Conformément à l'article 696 du code de procédure civile, M. [E] [X] et Mme [D] [H] qui succombent seront tenus in solidum aux dépens de première instance et d'appel, avec distraction pour ceux d'appel, pour la société Garage Gaillard, au profit de la Selarl Ballaloud et associés et, pour M. [Z] [T], au profit de Me Lionnel Falconnet avocat par application de l'article 699 du code de procédure civile. Ils seront, dans le même temps, déboutés de leur demande au titre de l'article 700 du code de procédure civile comme n'en remplissant pas les conditions d'octroi.

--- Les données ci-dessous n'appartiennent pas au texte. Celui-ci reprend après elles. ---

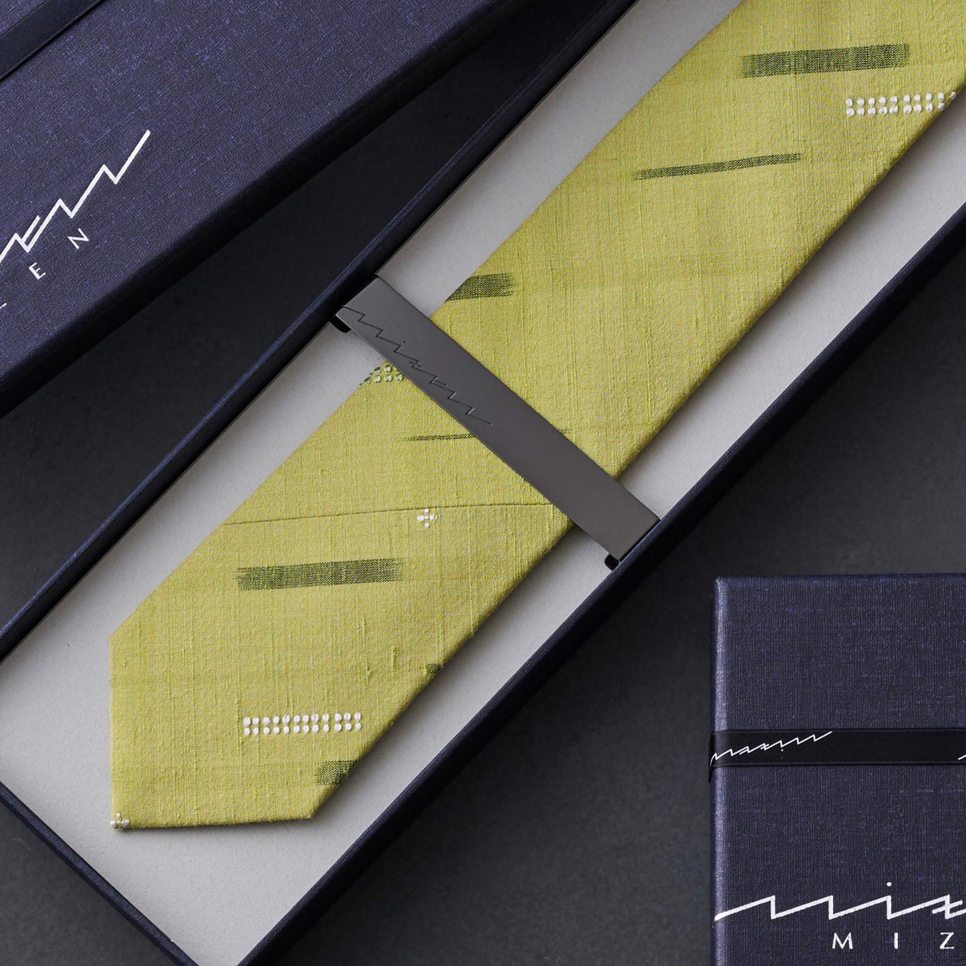 一般的にネクタイは、生地のタテ方向に対して45度のバイアス方向に配置して裁断をするため、生地巾が狭いと縫い目が多く効率的ではないため、着物の反物での作成は一般的ではありません。しかしながらMIZENは、より多くの人に活用いただける着物生地のタイを作成できないか思案した結果、着物から仕立てられていることの証として、最も眼に映る場所に縫い目を斜めのカット(スラッシュ)として配することで、MIZENのタイとして発表しました(商標登録済)。これも、手仕事の賜物である着物をネクタイとして世に出したいという、技術を主役としたMIZENの思想を表現しています。

Il n'est pas inéquitable de faire supporter par M. [E] [X] et Mme [D] [H] tout ou partie des frais irrépétibles non compris dans les dépens exposés par M. [Z] [T], la société Garage Gaillard et la société Etablissements Perier en première instance et en appel. Le jugement déféré sera confirmé en ce qu'il les a condamnés à payer à chacun d'eux la somme de 2 000 euros au titre de l'article 700 du code de procédure civile. Ils seront condamnés in solidum à leur payer à chacun une nouvelle somme de 1 000 euros au même titre en cause d'appel.

PAR CES MOTIFS

La cour, après en avoir délibéré conformément à la loi, statuant publiquement, par décision contradictoire,

Confirme le jugement déféré en toutes ses dispositions sauf à dire qu'il convient d'y lire 'Madame [D] [X] née [H]' au lieu de 'Madame [D] [X] née [H]',

Y ajoutant,

Condamne in solidum M. [E] [X] et Mme [D] [H] aux dépens d'appel la Selarl Ballaloud et Me Lionnel Falconnet, avocat, étant autorisés à recouvrer directement auprès d'eux ceux d'appel dont ils ont fait l'avance sans avoir reçu provision,

Déboute M. [E] [X] et Mme [D] [H] de leur demande au titre de l'article 700 du code de procédure civile,

Condamne in solidum M. [E] [X] et Mme [D] [H] à payer au titre de l'article 700 du code de procédure civile en cause d'appel la somme de 1 000 euros à :

- la société Garage Gaillard,

- la société Etablissements Perier

- M. [Z] [T].

Ainsi prononcé publiquement le 17 avril 2025 par mise à disposition de l'arrêt au greffe de la Cour, les parties en ayant été préalablement avisées dans les conditions prévues au deuxième alinéa de l'article 450 du Code de Procédure Civile, et signé par Madame Alyette FOUCHARD, Conseillère faisant fonction de Présidente et Madame Sylvie DURAND, Greffière.